* AVAILABLE RECORDS
- - - - - - -

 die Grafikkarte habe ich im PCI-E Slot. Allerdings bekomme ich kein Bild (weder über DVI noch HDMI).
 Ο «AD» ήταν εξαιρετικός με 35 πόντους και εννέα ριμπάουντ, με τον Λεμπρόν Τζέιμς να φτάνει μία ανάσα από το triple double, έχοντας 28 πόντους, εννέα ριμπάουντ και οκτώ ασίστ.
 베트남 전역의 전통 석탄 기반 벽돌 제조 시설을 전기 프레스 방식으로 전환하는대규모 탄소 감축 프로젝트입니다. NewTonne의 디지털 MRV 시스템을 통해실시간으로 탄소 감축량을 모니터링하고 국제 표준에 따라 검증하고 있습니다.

- - - - - - -

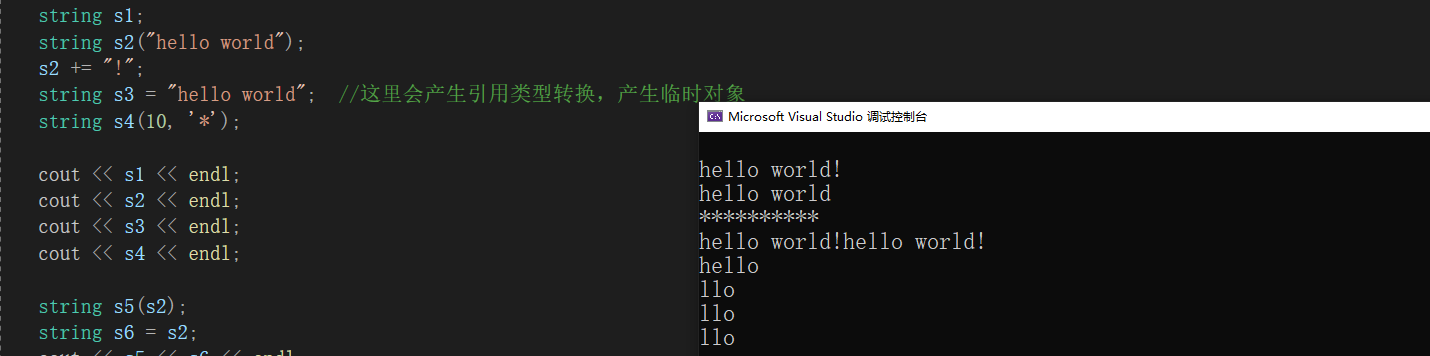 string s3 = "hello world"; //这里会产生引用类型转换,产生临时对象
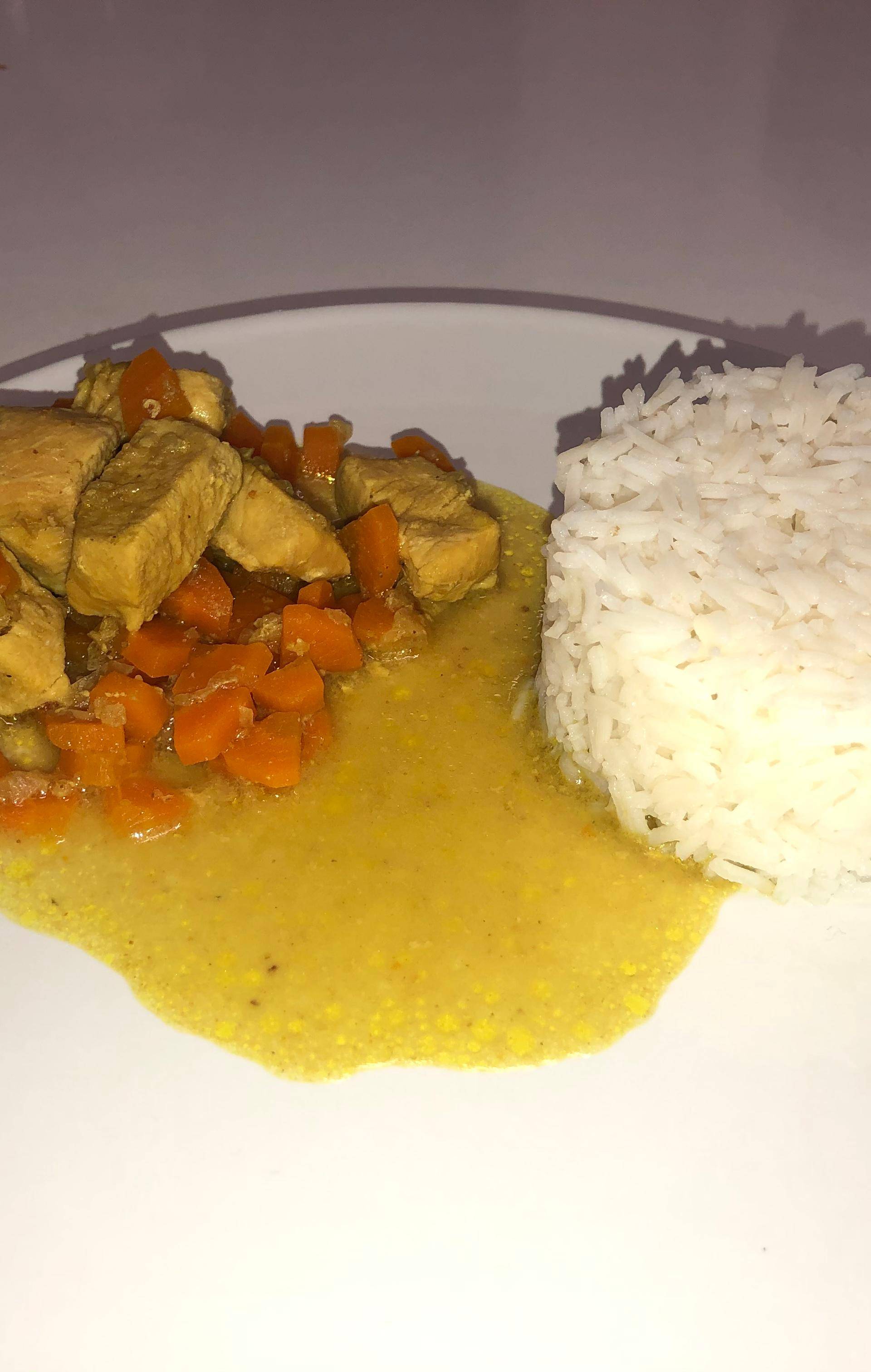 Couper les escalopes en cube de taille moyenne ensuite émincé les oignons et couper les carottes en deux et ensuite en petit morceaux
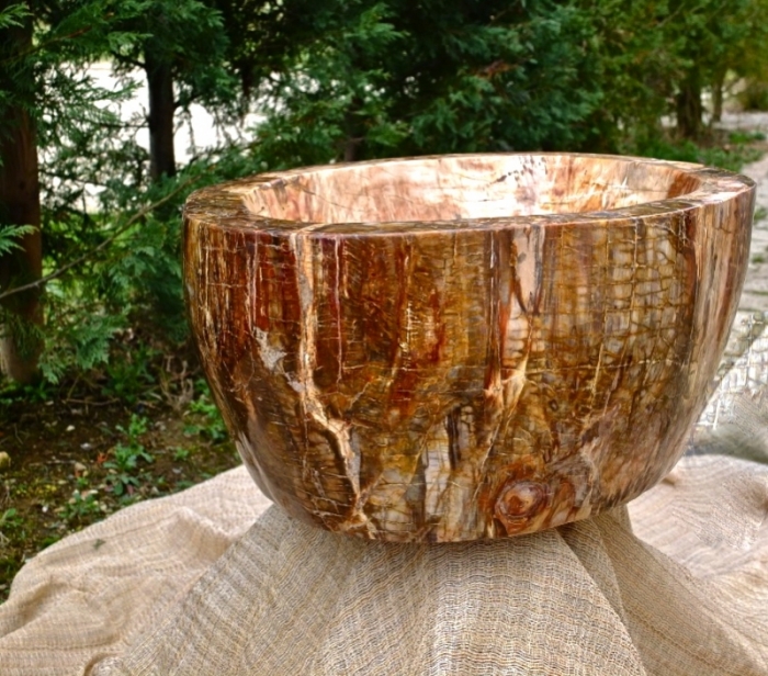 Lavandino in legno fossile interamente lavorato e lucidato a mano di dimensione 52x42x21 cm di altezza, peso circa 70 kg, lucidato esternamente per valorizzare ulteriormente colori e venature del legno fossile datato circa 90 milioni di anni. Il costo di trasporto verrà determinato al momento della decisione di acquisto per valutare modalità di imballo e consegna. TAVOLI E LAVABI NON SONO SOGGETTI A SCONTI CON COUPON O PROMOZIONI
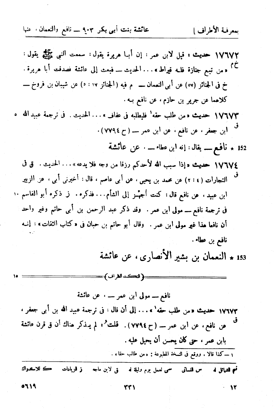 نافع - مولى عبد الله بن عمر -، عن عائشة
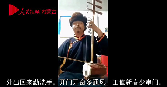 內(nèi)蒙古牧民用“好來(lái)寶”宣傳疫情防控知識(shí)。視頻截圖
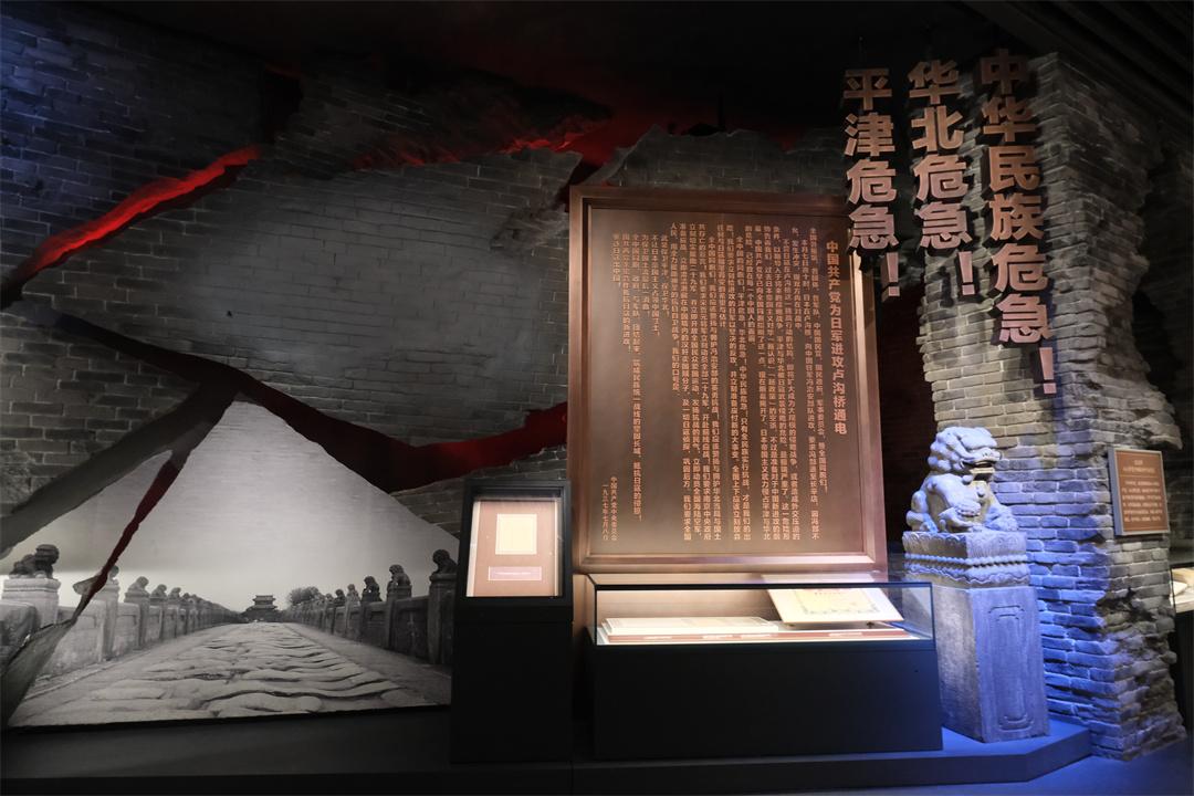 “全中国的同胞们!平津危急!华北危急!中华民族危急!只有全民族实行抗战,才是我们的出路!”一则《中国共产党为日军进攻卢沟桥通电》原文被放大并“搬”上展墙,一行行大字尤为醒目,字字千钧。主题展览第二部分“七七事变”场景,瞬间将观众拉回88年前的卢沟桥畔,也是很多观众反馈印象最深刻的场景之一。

- - - - - - -

* PROBLEM TO WORK ON
The required answer is the exact run of lines above starting at the line with "και οκτώ ασίστ." and ending at the line with "베트남 전역의 전통 석탄", with both ends present.

* SOLUTION BELOW
 Ο «AD» ήταν εξαιρετικός με 35 πόντους και εννέα ριμπάουντ, με τον Λεμπρόν Τζέιμς να φτάνει μία ανάσα από το triple double, έχοντας 28 πόντους, εννέα ριμπάουντ και οκτώ ασίστ.
 베트남 전역의 전통 석탄 기반 벽돌 제조 시설을 전기 프레스 방식으로 전환하는대규모 탄소 감축 프로젝트입니다. NewTonne의 디지털 MRV 시스템을 통해실시간으로 탄소 감축량을 모니터링하고 국제 표준에 따라 검증하고 있습니다.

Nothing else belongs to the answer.